→ DATASET EXTRACT
○ ○ ○ ○
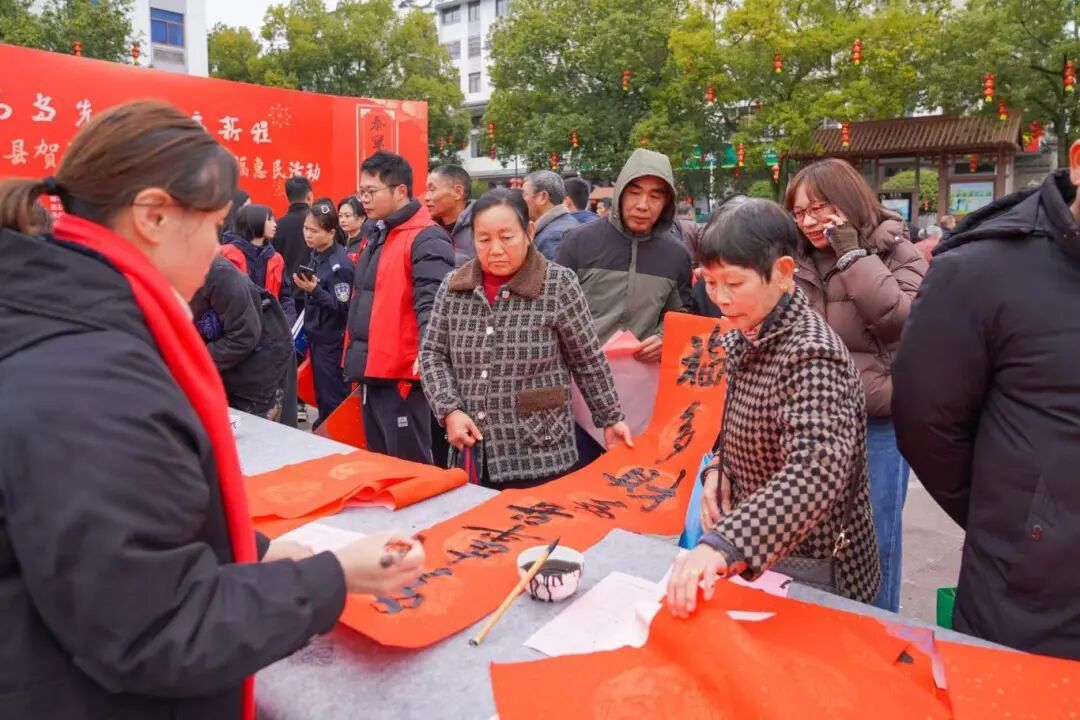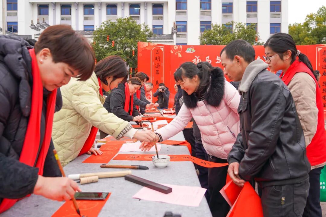 活动现场红纸铺展、墨香四溢。书法家们挥毫泼墨,笔走龙蛇,一副副寓意吉祥、满载祝福的春联和一个个苍劲有力的“福”字在他们的笔下诞生。市民们有序排队领取,脸上洋溢着喜悦的笑容,广场上处处散发着喜庆祥和的节日气氛。
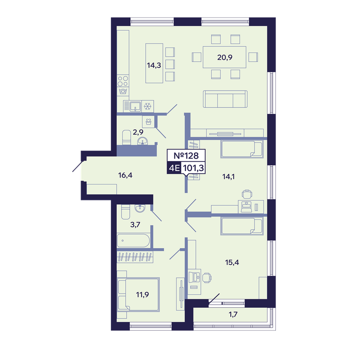 4-комн. 101,30 м² ・ № 128 ・ этаж 3/13 ・ ЖК "Ленские высоты", корп. 1
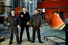 Michael Reckling por la noche con los vigilantes de seguridad.
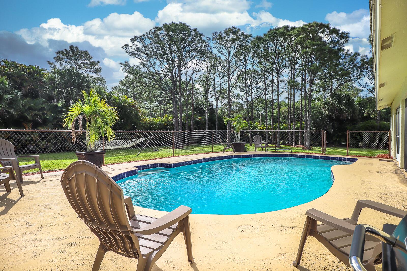 Immaculate CBS 3 bedroom/2 bath/2-car garage home in PB Country Estates. Beautiful pool. Nicely-landscaped 1.16-acre corner lot. Updated throughout - including newly-remodeled master bathroom and cabana bath. Open kitchen features stainless steel appliances, French-door refrigerator, dual-over range, granite countertops, and center island. The screened porch overlooks the beautiful fenced pool area and spacious backyard. Newer A/C. Smart toilets in the bathrooms. This home is hooked-up to city water and located on the corner of a paved road (150th) close to the front section of the subdivision for easy access to area amenities including Alton Town Center, Abacoa, and area beaches. If the lot was vacant the price would be $725,000. ONLY CBS POOL HOME UNDER $1 million on pavement
○ ○ ○ ○
→ TASK DETAILS
Skipping all images, output the listing exactly.

→ ANSWER TO THIS EXERCISE
 活动现场红纸铺展、墨香四溢。书法家们挥毫泼墨,笔走龙蛇,一副副寓意吉祥、满载祝福的春联和一个个苍劲有力的“福”字在他们的笔下诞生。市民们有序排队领取,脸上洋溢着喜悦的笑容,广场上处处散发着喜庆祥和的节日气氛。
 4-комн. 101,30 м² ・ № 128 ・ этаж 3/13 ・ ЖК "Ленские высоты", корп. 1
 Michael Reckling por la noche con los vigilantes de seguridad.
 Immaculate CBS 3 bedroom/2 bath/2-car garage home in PB Country Estates. Beautiful pool. Nicely-landscaped 1.16-acre corner lot. Updated throughout - including newly-remodeled master bathroom and cabana bath. Open kitchen features stainless steel appliances, French-door refrigerator, dual-over range, granite countertops, and center island. The screened porch overlooks the beautiful fenced pool area and spacious backyard. Newer A/C. Smart toilets in the bathrooms. This home is hooked-up to city water and located on the corner of a paved road (150th) close to the front section of the subdivision for easy access to area amenities including Alton Town Center, Abacoa, and area beaches. If the lot was vacant the price would be $725,000. ONLY CBS POOL HOME UNDER $1 million on pavement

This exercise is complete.